Characteristic band screening algorithm
The CARS algorithm selects characteristics variables with high absolute values of regression coefficient in the PLSR model. It consists of three major steps, including Monte Carlo sampling, PLSR modeling, and acquisition of variable weights. This algorithm executes forced band selection by exponential damping function and makes competitive band selection using the adaptive reweighted sampling technique. The detailed process of CARS is shown in the reference [32]. CARS algorithm was executed in MATLAB R2012a.
Modeling methods
178 soil samples were divided into a calibration set (133 soil samples) and a validation set (45 soil samples) using the Kennard-Stone method [46]. After spectral transformation, spectral indexes and characteristic bands were selected. Firstly, spectral indexes were calculated according to Formulas (1)–(4). DOA was calculated using R spectrum, DI, RI and NDI were calculated using R, LR, CR and FDR spectra, respectively. Secondly, characteristic bands were selected from R, LR, CR, and FDR spectra by CARS algorithm, respectively. Thirdly, the SOM predicted models were established using spectral indexes and characteristic bands, respectively. RF, SVR, DNN and PLSR models were selected as modeling methods. Finally, model accuracy assessment and comparative analysis were conducted. Fig 2 was the flowchart for this research.
Random forest (RF) and support vector regression (SVR)

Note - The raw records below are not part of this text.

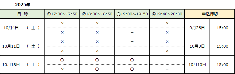 1回目・2回目 17:00~17:50、18:00~18:50、19:40~20:30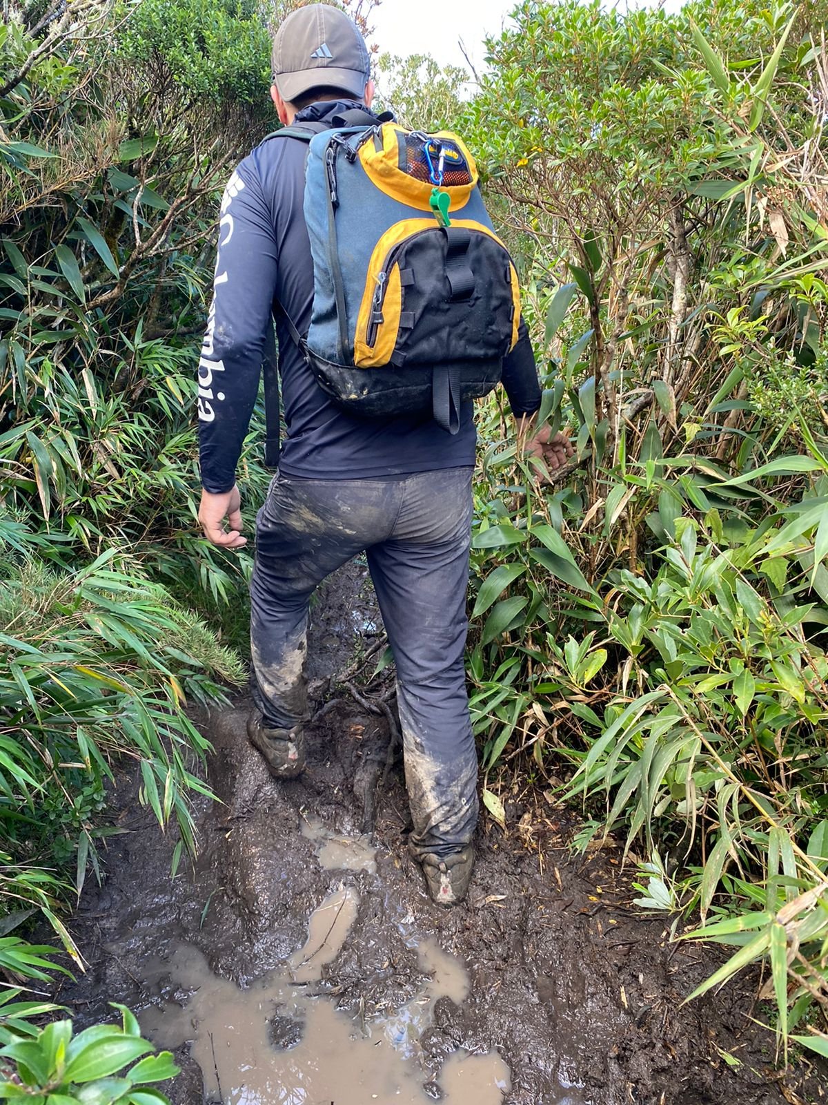 Passada a primeira meia hora meu corpo foi aquecendo e a caminhada seguiu normal. Fizemos breves paradas para descanso e assim fomos avançando montanha acima. Utilizava um casaco sem mangas e levei um casaco mais quente na mochila, para quando começasse a sentir muito frio. Até o Getúlio nossa caminhada foi relativamente tranquila. Chegando no Getúlio o tempo fechou, ventava forte e chovia. Passámos rápido por essa região e logo entramos na mata novamente, o que nos protegia um pouco da chuva. Quando paramos na encruzilhada onde ficam as plaquinhas que indicam as trilhas para as várias montanhas do lugar, fizemos uma parada para descanso um pouco mais longa. A partir dali começaria a parte que menos gosto da subida, que é a parte da floresta. Nessa parte quase sempre estamos subindo e tem muitos galhos, pedras, cordas e grampos para transpor. Para piorar, o terreno ali estava muito molhado, com barro e em algumas partes um lamaçal de dar medo.
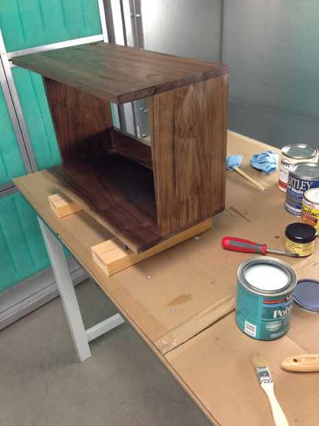 Apliqué el polycrylic con un pincel y dejarla secar durante la noche. Entonces repetí el lijado y la aplicación de medidas polycrylic para un total de tres capas.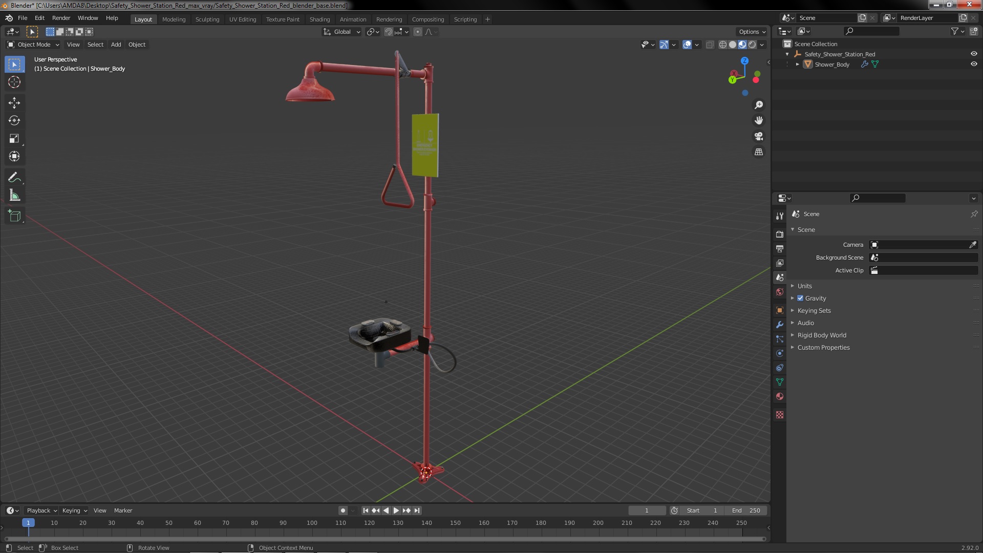 Safety Shower Station Red is a high quality, photo real 3d model that will enhance detail and realism to any of your rendering projects. The model has a fully textured, detailed design that allows for close-up renders, and was originally modeled in 3ds Max 2020 and rendered with V-Ray. Renders have no postprocessing!

In RF modeling, the two main parameters were the number of trees to grow in the forest (ntree) and the number of randomly selected predictor variables at each node (mtry). In SVR modeling, the linear kernel function was used to build the model and the main parameter was the penalty coefficient (C). The parameters mtry and ntree were set to 1–5 and 100–2000 for RF modeling, C range was set to 2−4–24 for SVR modeling, and “e1071” package [47] of R software was used for parameter tuning using grid search and 10-fold cross-validation.
Deep neural networks (DNN).
DNN also known as multi-layer perceptron (MLP), are extensions of neural network [48–50]. The basic idea is to construct a multi-layer neural network model by modifying and increasing the number of hidden layers. Generally, the DNN model can be divided into three parts: input layer, hidden layer and output layer. The model used in this paper is a deep network model based on H2O learning platform [51]. The first layer of the whole DNN model is the input layer, namely the training sample or test sample, while the output layer is the solution of classification or regression problem, and the hidden layer is between the input layer and the output layer. For the DNN model, the ReLU function was selected as the activation function, parameters such as hidden layer, number of neurons, L1 regularization were adjusted successively to establish the optimal model, and the training times were selected as 1000. The hidden layer sizes were set as 400, 600 and 500; and the hidden layer dropout ratios were set as 0.9, 0.8 and 0.7. Due to the small number of samples we used the 10-fold cross-validation to train the model in this study. DNN modeling was performed using “h2o” package [52] in R software.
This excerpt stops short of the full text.